## Exercise prompt:
Print, in exact form, the lines below from the one containing "Rather than purely" through the one containing "Creolen aus 750", and omit all others.

## Records for this exercise:
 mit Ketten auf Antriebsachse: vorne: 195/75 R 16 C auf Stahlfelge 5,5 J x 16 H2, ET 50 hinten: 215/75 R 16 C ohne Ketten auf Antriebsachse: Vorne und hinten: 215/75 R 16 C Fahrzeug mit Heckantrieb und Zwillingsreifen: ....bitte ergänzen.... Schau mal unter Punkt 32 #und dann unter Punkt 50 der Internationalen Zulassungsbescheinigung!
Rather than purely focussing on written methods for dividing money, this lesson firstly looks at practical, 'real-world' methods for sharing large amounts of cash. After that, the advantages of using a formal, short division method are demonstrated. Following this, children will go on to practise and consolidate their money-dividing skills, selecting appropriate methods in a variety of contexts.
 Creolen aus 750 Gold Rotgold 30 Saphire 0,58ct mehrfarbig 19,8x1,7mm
---
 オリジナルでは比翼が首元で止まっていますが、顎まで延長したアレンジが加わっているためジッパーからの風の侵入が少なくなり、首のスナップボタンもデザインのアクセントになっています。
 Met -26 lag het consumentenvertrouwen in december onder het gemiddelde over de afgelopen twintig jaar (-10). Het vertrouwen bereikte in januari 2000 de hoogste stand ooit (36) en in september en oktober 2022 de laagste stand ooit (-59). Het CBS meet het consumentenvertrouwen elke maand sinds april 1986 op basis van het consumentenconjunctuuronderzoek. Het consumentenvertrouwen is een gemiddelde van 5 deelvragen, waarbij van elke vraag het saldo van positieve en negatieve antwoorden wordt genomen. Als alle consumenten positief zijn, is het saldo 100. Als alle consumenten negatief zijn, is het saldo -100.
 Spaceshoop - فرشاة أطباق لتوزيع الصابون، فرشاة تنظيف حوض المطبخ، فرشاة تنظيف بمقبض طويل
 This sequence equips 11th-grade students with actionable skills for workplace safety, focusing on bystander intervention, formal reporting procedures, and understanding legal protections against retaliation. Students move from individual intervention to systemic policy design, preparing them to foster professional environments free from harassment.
--
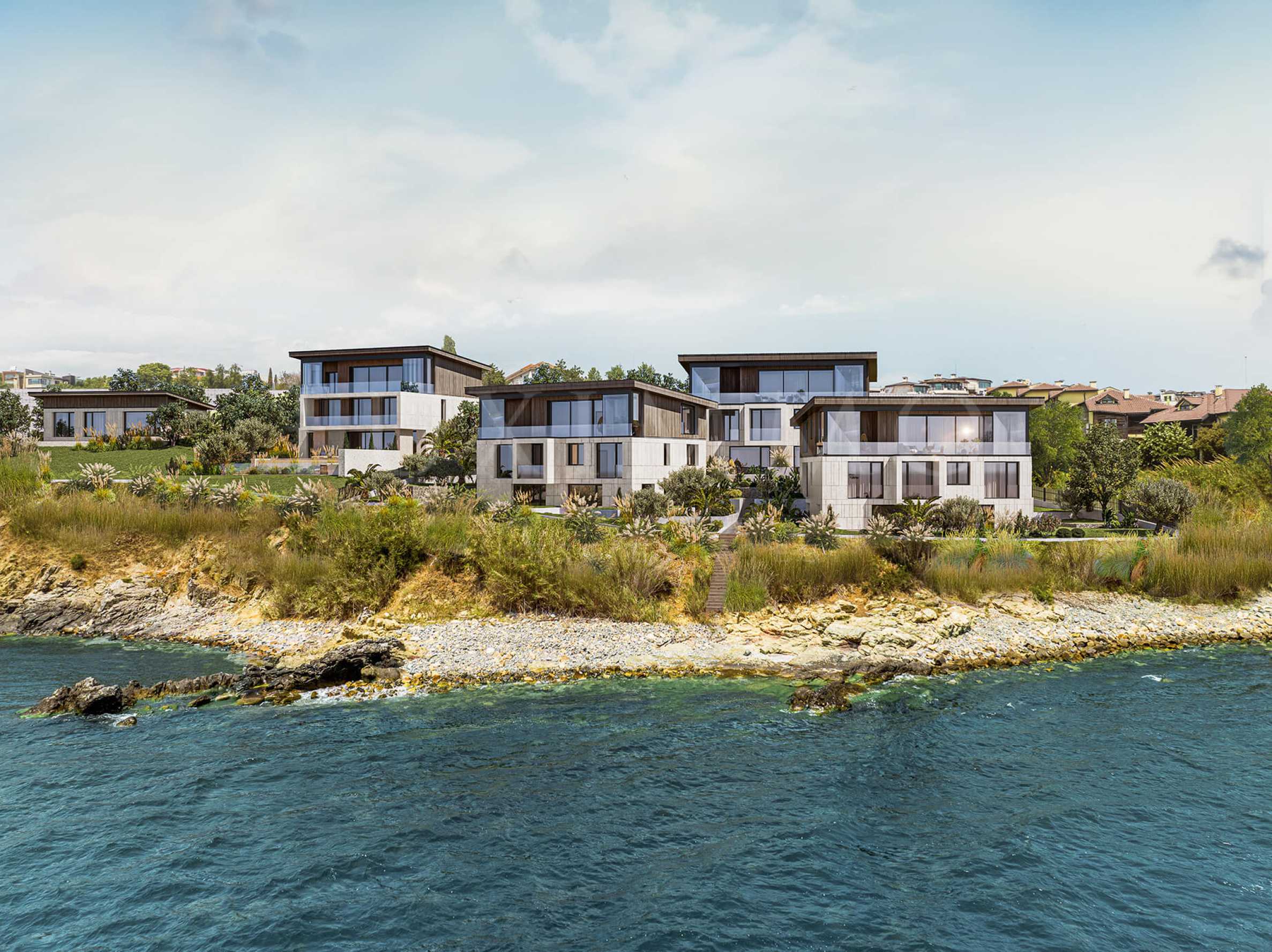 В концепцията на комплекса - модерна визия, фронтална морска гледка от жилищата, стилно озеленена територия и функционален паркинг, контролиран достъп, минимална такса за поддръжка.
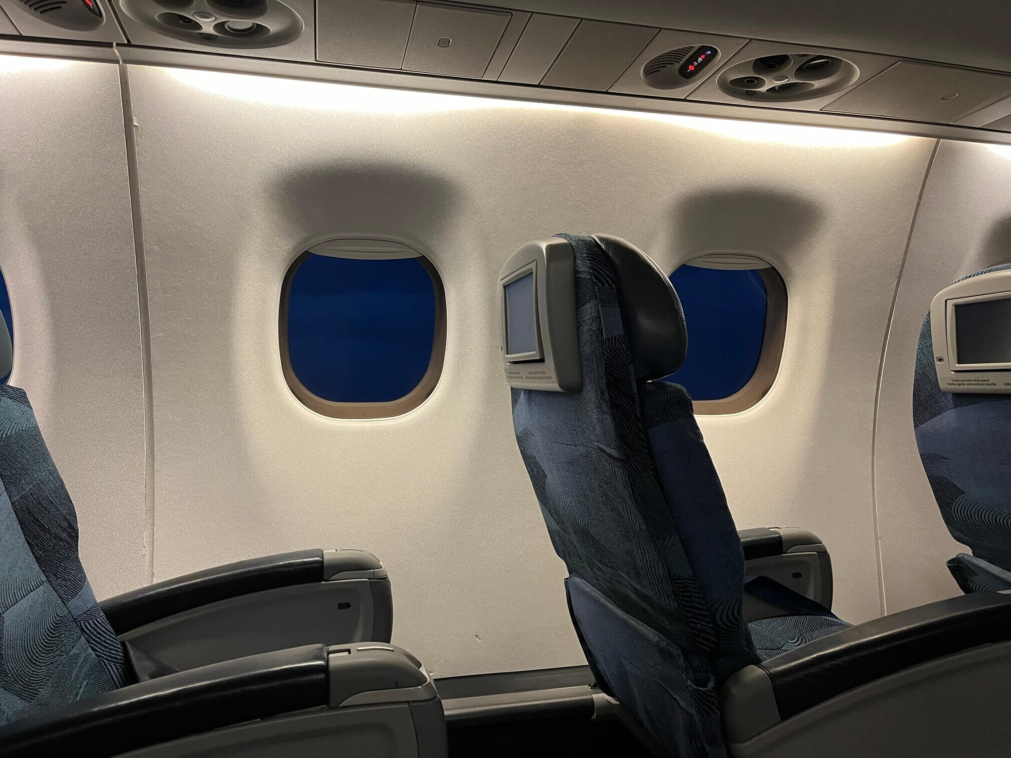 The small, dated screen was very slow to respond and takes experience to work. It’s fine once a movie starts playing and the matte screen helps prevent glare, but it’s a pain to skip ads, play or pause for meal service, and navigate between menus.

## Result below:
Rather than purely focussing on written methods for dividing money, this lesson firstly looks at practical, 'real-world' methods for sharing large amounts of cash. After that, the advantages of using a formal, short division method are demonstrated. Following this, children will go on to practise and consolidate their money-dividing skills, selecting appropriate methods in a variety of contexts.
 Creolen aus 750 Gold Rotgold 30 Saphire 0,58ct mehrfarbig 19,8x1,7mm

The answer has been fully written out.